Signing new and renewed leases at above-market prices gave a modest upward nudge to CapitaLand Commercial Trust's (CCT) performance in the second quarter.
Revenue increased by 5 per cent year-on-year to $69.1 million while net property income grew from $52 million last year to $53.9 million this year, a rise of 3.6 per cent.
Total distributable income rose slightly, from $64.1 million to $64.4 million, lifting distribution per unit (DPU) by 0.5 per cent to 2.19 cents.
The portfolio's occupancy rate stood at 98 per cent. Ms Lynette Leong, chief executive of CapitaLand Commercial Trust Management, said spreading out a good portion of leases to an expiration date of 2018 and beyond "will tide (us) over the large office supply expected in 2016". However, she acknowledged that the expected surge in supply presented "potential headwinds" for the real estate investment trust (Reit).
The recently completed CapitaGreen tower in Market Street is "a potential acquisition pipeline" for CCT, said the Reit's management.

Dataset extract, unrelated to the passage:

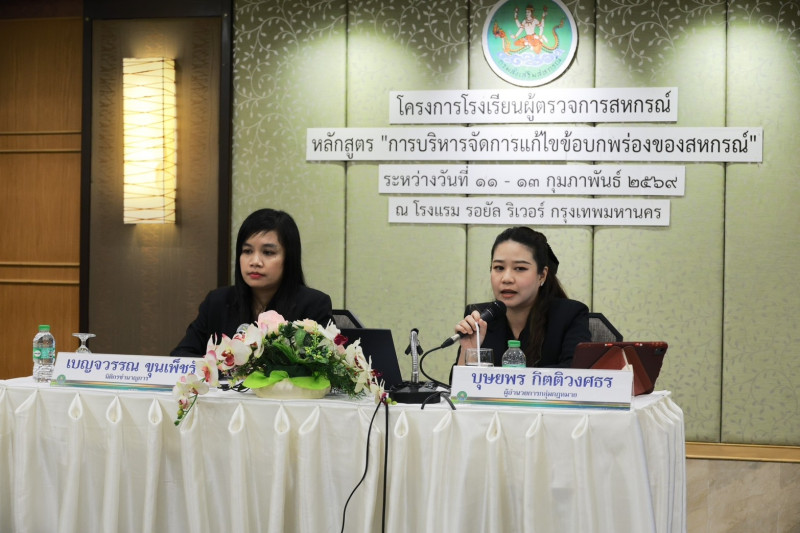 วันที่ 12 กุมภาพันธ์ 2569 นางสาวพัชรินทร์ นิยมทอง ผู้อำนวยการกลุ่มตรวจการสหกรณ์ เข้าร่วมโครงการโรงเรียนผู้ตรวจการสหกรณ์ หลักสูตร “การบริหารจัดการแก้ไขข้อบกพร่องของสหกรณ์” ระหว่างวันที่ 11-13 กุมภาพันธ์ 2569 โดยมีนายประวัติ แดงบรรจง รองอธิบดีกรมส่งเสริมสหกรณ์ เป็นประธานในพิธีเปิด ณ โรงแรมรอยัลริเวอร์ เขตบางพลัด กรุงเทพมหานคร สำหรับโครงการนี้ มีวัตถุประสงค์เพื่อพัฒนาองค์ความรู้ด้านกฎหมายแรงงานและกฎหมายสหกรณ์ เพื่อนำไปใช้บริหารจัดการแก้ไขข้อบกพร่องและแก้ไขเรื่องร้องเรียนของสหกรณ์ เสริมทักษะการจัดการเมื่อเกิดข้อบกพร่อง การออกคำสั่งทางปกครอง และกระบวนการอุทธรณ์คำสั่งทางปกครองเกี่ยวกับกฎหมายสหกรณ์ได้อย่างถูกต้อง

It owns a 40 per cent stake and has the option to acquire the balance from its joint-venture partners.
AT A GLANCE
GROSS REVENUE: $69.1 million (+5%)
NET PROPERTY INCOME: $53.9 million (+3.6%)
DISTRIBUTION PER UNIT: 2.19 cents (+0.5%)
Gross revenue grew by 5.7 per cent to $137.3 million for the six months to June 30 compared with the previous year while net property income increased 5 per cent to $107.8 million.
Total distributable income for the half year rose 2.5 per cent to $127.2 million. CCT units closed up one cent at $1.48 yesterday.